Gov. Tony Evers’ 2025-2027 budget included proposals that harkened back to Wisconsin’s progressive-era policies of heavy taxation of individuals and businesses.38 His budget proposal called for a new “millionaire’s tax” of 9.8 percent on income over $1 million. Wisconsin’s current 7.65 percent top rate is already the 10th highest among U.S. states and the second highest in the Midwest. Evers’ tax proposal would set Wisconsin’s top rate at just 0.05 percentage points below Minnesota’s 9.85 percent rate and far above the top rates in Illinois (4.95 percent), Iowa (3.8 percent), Michigan (4.25 percent) and Indiana (2.95 percent). The last time that Wisconsin’s top personal tax rate was as high as Evers proposed was 1985, when the top rate was 10 percent.39

Tax increases for business are also under serious consideration. Wisconsin’s corporate income tax rate is 7.9 percent, 12th highest among states. It is one reason for the state’s 31st-place ranking in the Tax Foundation’s corporate tax competitiveness index.40 However, the manufacturing and agriculture tax credit, enacted during the first year of the Walker administration, reduces the tax rate on income derived from manufacturing and agricultural production to 0.4 percent. Evers sought in his 2023-2025 and 2025-2027 budgets to scale back the credit by limiting it to the first $300,000 in qualifying income.41 This would result in a 7.5 percentage point increase in the income tax rate on medium- and large-size manufacturing and agricultural businesses.
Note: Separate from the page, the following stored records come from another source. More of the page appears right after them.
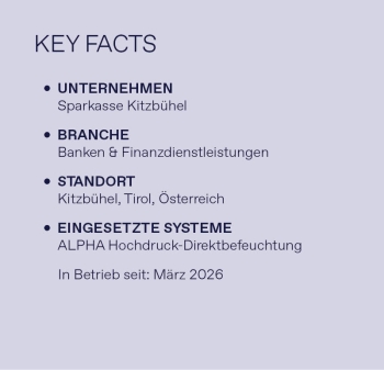 Die Hochdruck Direktbefeuchtung sorgt für eine gleichmäßige, angenehme Luftfeuchtigkeit in den Büro‑ und Beratungsräumlichkeiten der Sparkasse Kitzbühel und trägt maßgeblich zu einem verbesserten Arbeits‑ und Aufenthaltsklima bei.
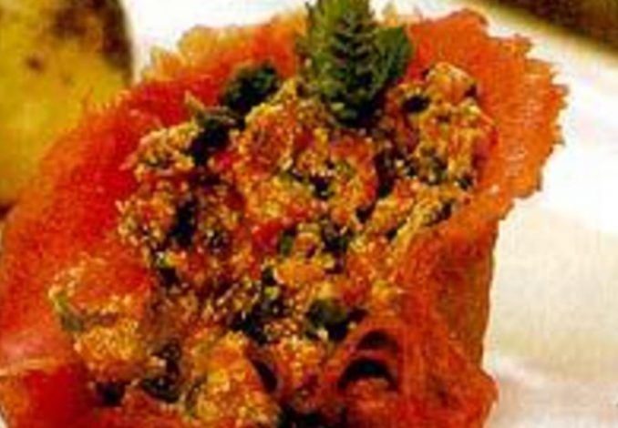 Lave o manjericão, seque-o, separe somente as folhas e coloque no processador. Junte o pimentão, a ricota, o azeite de oliva, a páprica e o sal e bata até obter uma pasta. Recheie o carpaccio e distribua nos pratos. Se preferir, decore com folhas ou flores de manjericão.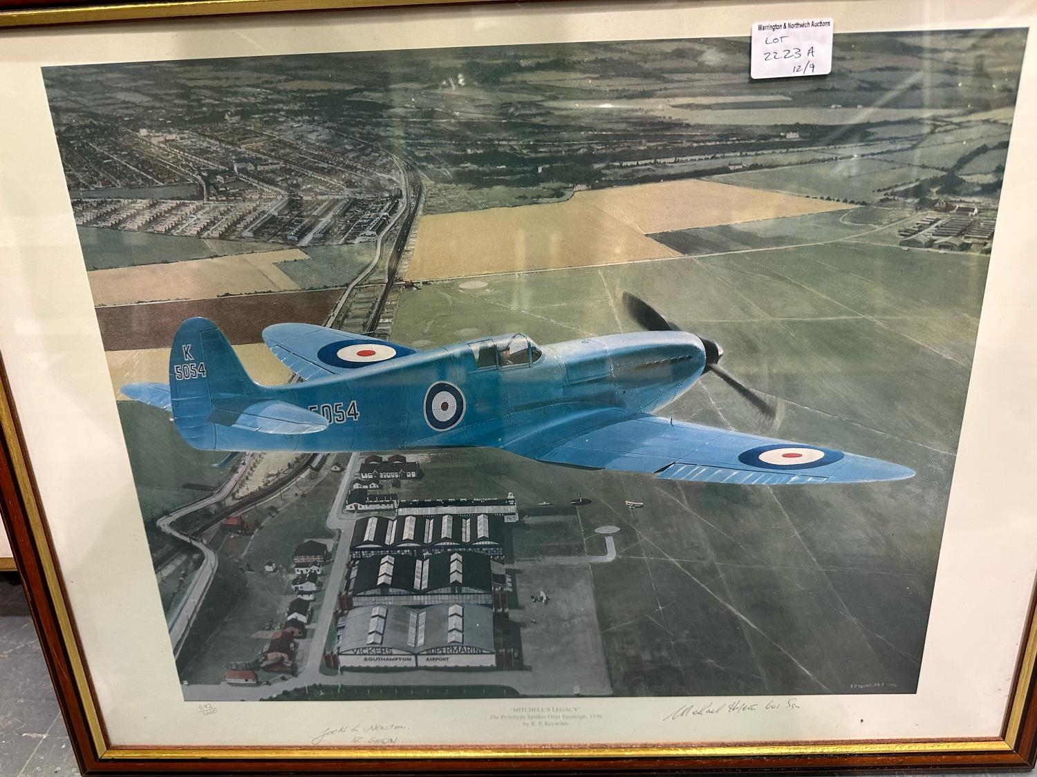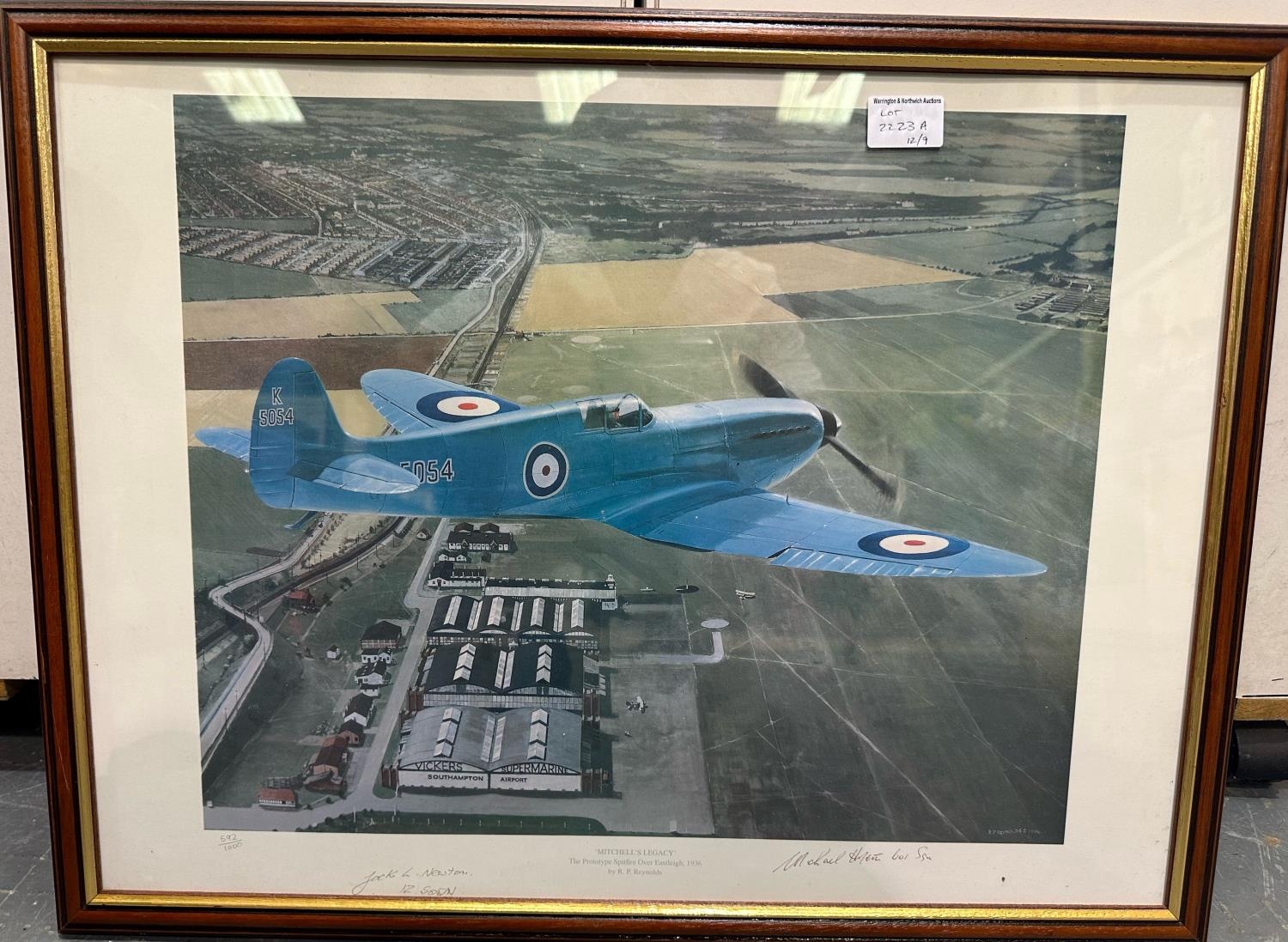 RP Reynolds limited edition print, Mitchells Legacy, signed to margin by Jack Newton of 12 Sqn. Not available for in-house P&P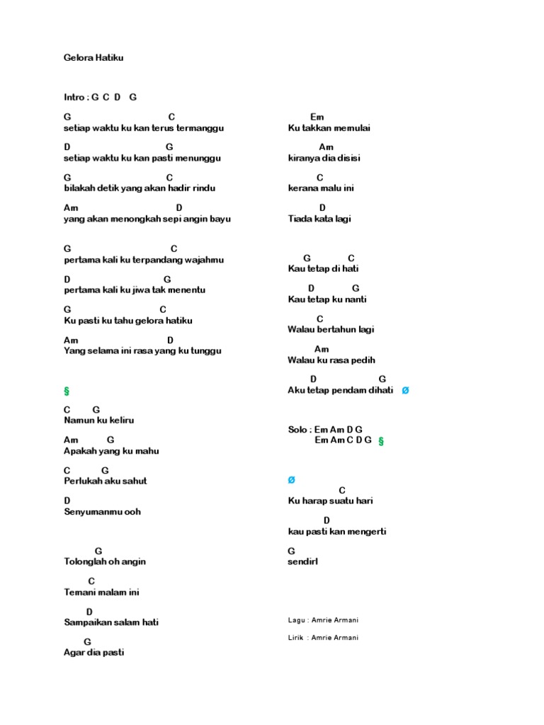 intro c g c d g g engkau yang sedang em patah hati am menangislah dan jangan d ragu ungkapkan bm betapa pedih hati em yang tersakiti am racun yang membunuhmu. Am d tak mampu menahan pedih yang tak ada habisnya. G em engkau yang sedang patah hati am d menangislah dan jangan ragu ungkapkan bm em betapa pedih hati yang tersakiti am d. Just enter one or more chord symbols separated by commas into the search box and hit go. Dm am kau menghilang entah ke mana dm am tinggalkan ku merana.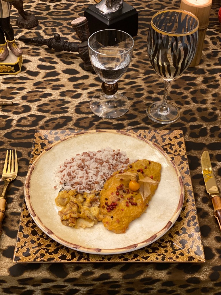 O Prato Principal pedi no restaurante dos meus queridos amigos Rico e Jó, o Bistrô da Praça, que é a nossa segunda casa, frequentamos há 15 anos. No cardápio se chama Congro à Martinica. Um peixe com molho de manga que vem acompanhado de arroz selvagem e banana. Apesar da Martinica ser uma ilha de possessão francesa no Caribe a maioria da sua população é africana e portanto sua culinária tem forte influência desse continente, assim, achei que o prato combinava com o tema do jantar e estava uma delícia!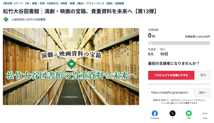 13回目のクラウドファンディングへの挑戦となる本年は、当館の使命である「演劇・映画の貴重資料を守り、これからも増え続ける資料を未来につないでいく」ということへの想いを、これまでご支援をいただいた皆さま、そして新たに当館を知っていただく方々にお伝えし、末永く応援していただくきっかけにしたいと考えています。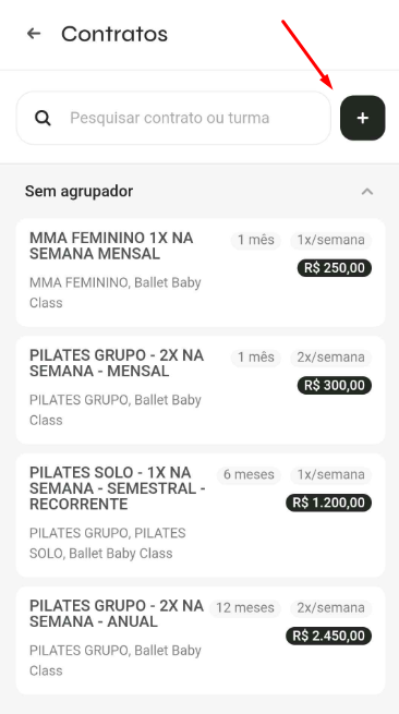 - Toque no ícone "+" para adicionar um novo contrato.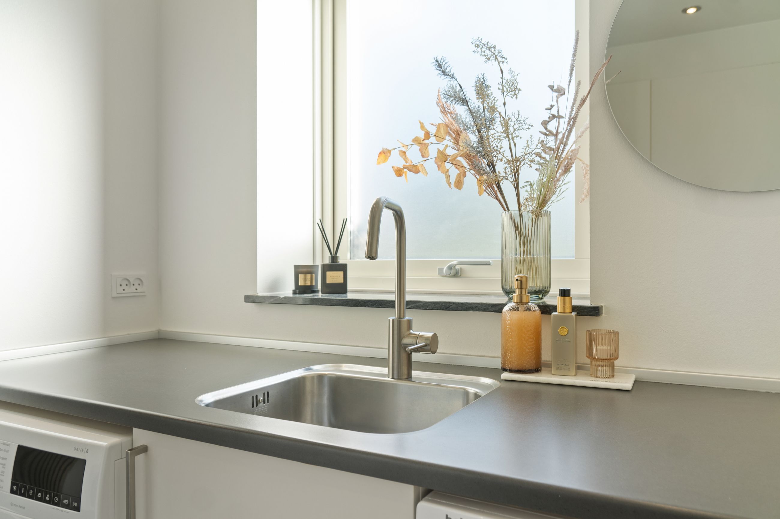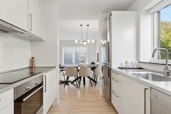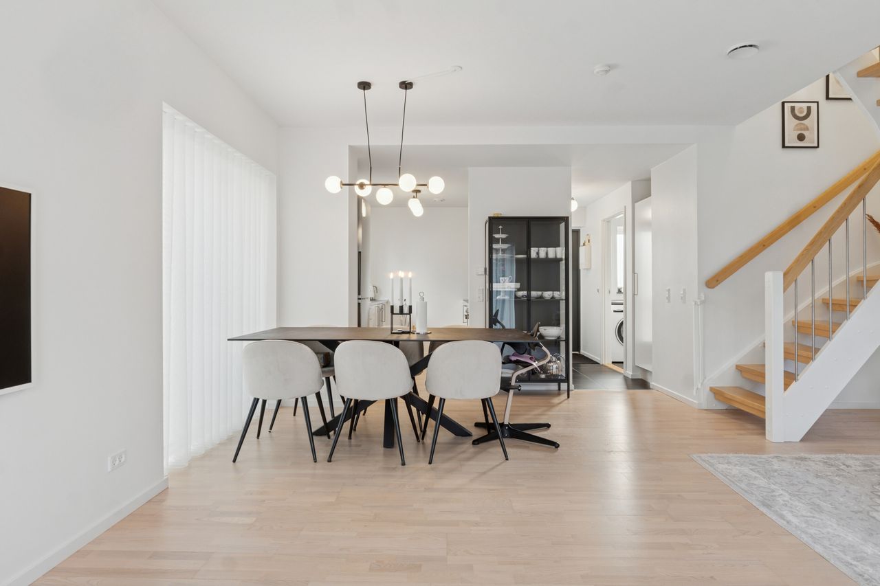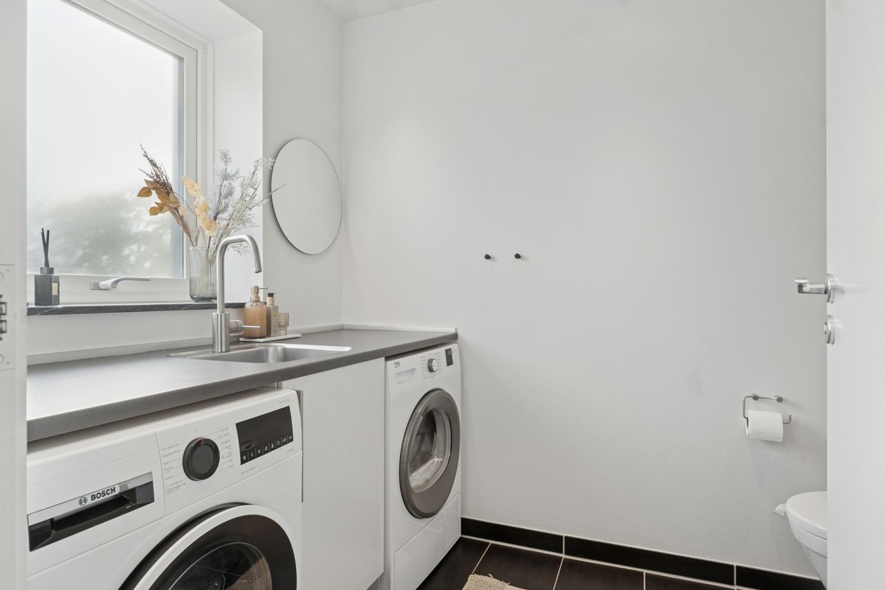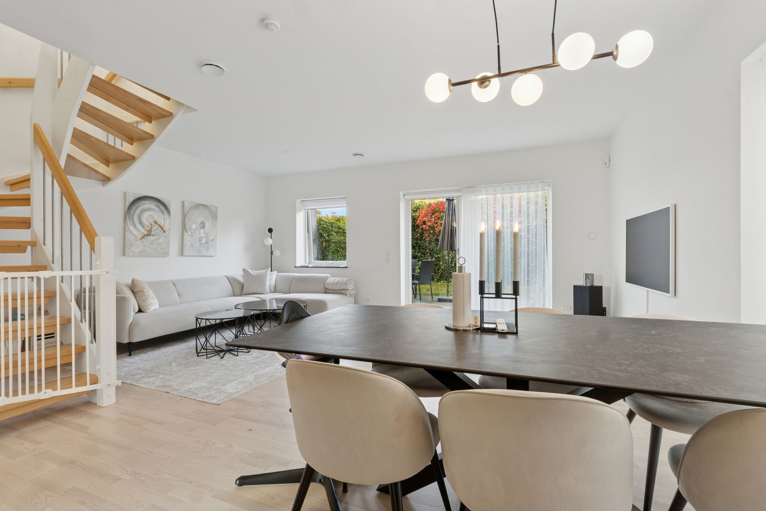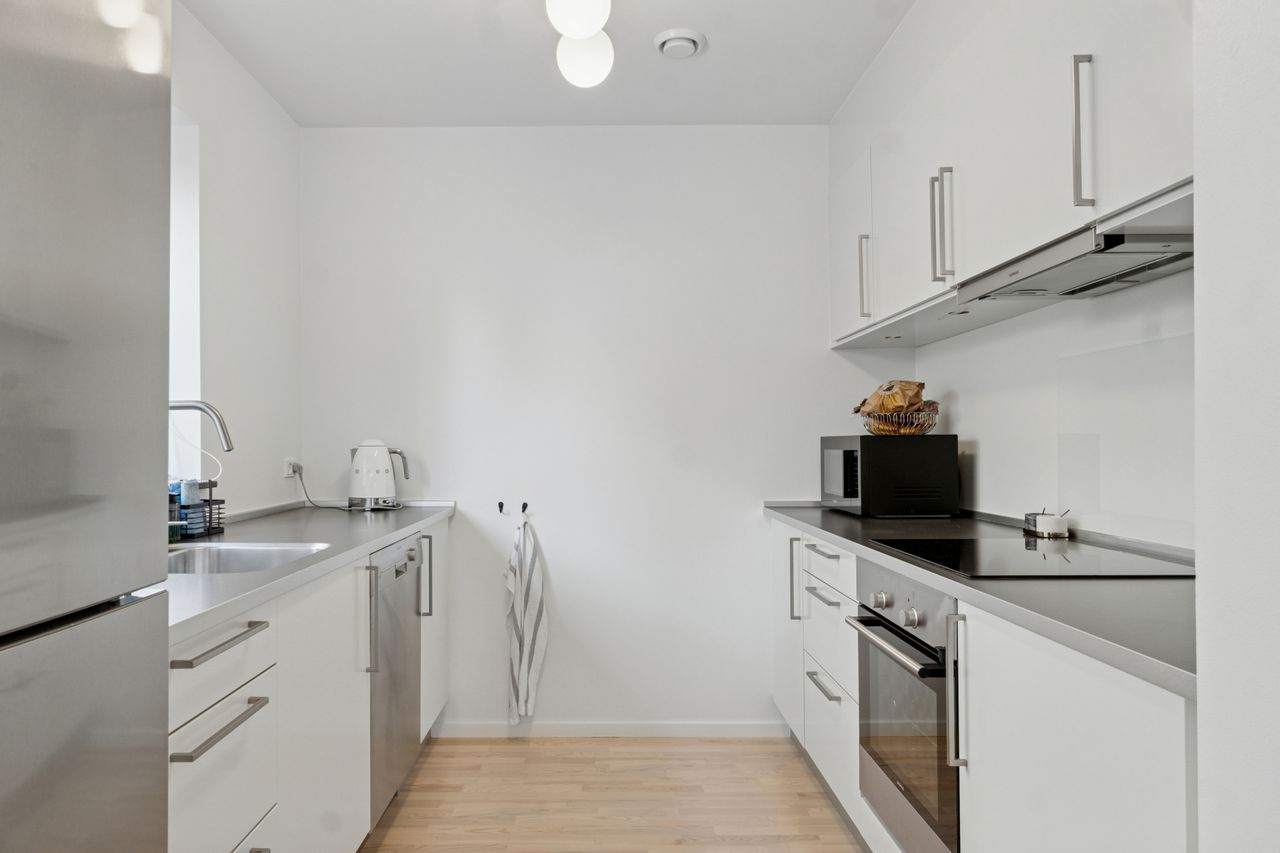 Køkkenet, i et åbent forhold til stuen, præsenterer sig i et stilrent, hvidt design, som understøtter både det æstetiske og funktionelle aspekt af familielivet.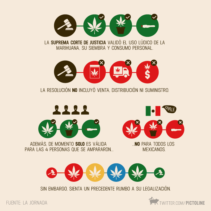 En una polémica resolución, la Suprema Corte de Justicia de la Nación avaló el uso recreativo de la marihuana para un grupo de 4 ciudadanos quienes interpusieron un amparo para su autoconsumo, sentando un precedente muy relevante rumbo a su despenalización.
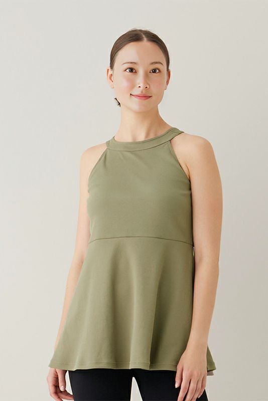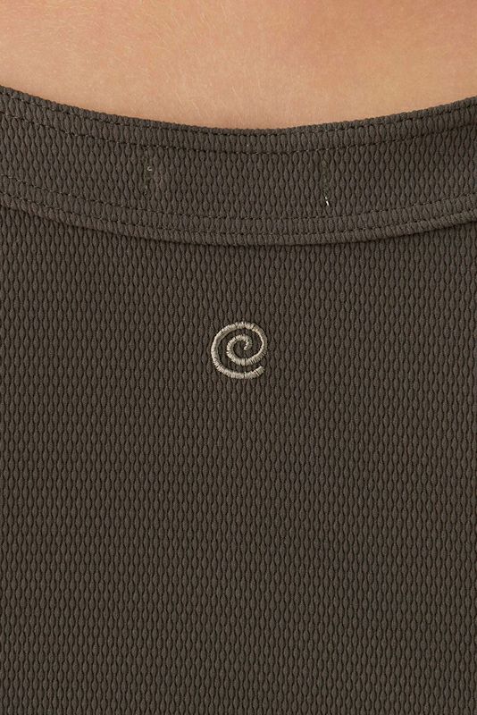 表面に凹凸感のある特徴的な素材を使用。やや長めの丈で気になるヒップ周りをカバーしつつ、裾までインナー付きなので、逆転のポーズでもインナーをボトムインすればお腹が見えない安心のデザインです。

These tax policy changes are being considered in part to accommodate increased government spending, such as would result from a repeal of Act 10. Taken together, such tax and spending increases would be a large step toward the progressive policy model

There have also been high-profile calls to reverse recent labor market reforms, including the state’s right-to-work law. Wisconsin was a late adopter: When Wisconsin passed its law in 2015, 24 other states already had a right-to-work law.42 Shortly after its enactment, there was an attempt to overturn it in the courts, rebuffed in a 2017 decision by the Wisconsin Court of Appeals. Democratic members of the Legislature have regularly filed bills aimed at repeal, including two bills, AB470 and SB458, in the 2025-2026 session just concluded. There have been instances in which a state right-to-work law has been repealed. Most notably, in 2023 Michigan repealed its right-to-work law, which had been enacted in 2012.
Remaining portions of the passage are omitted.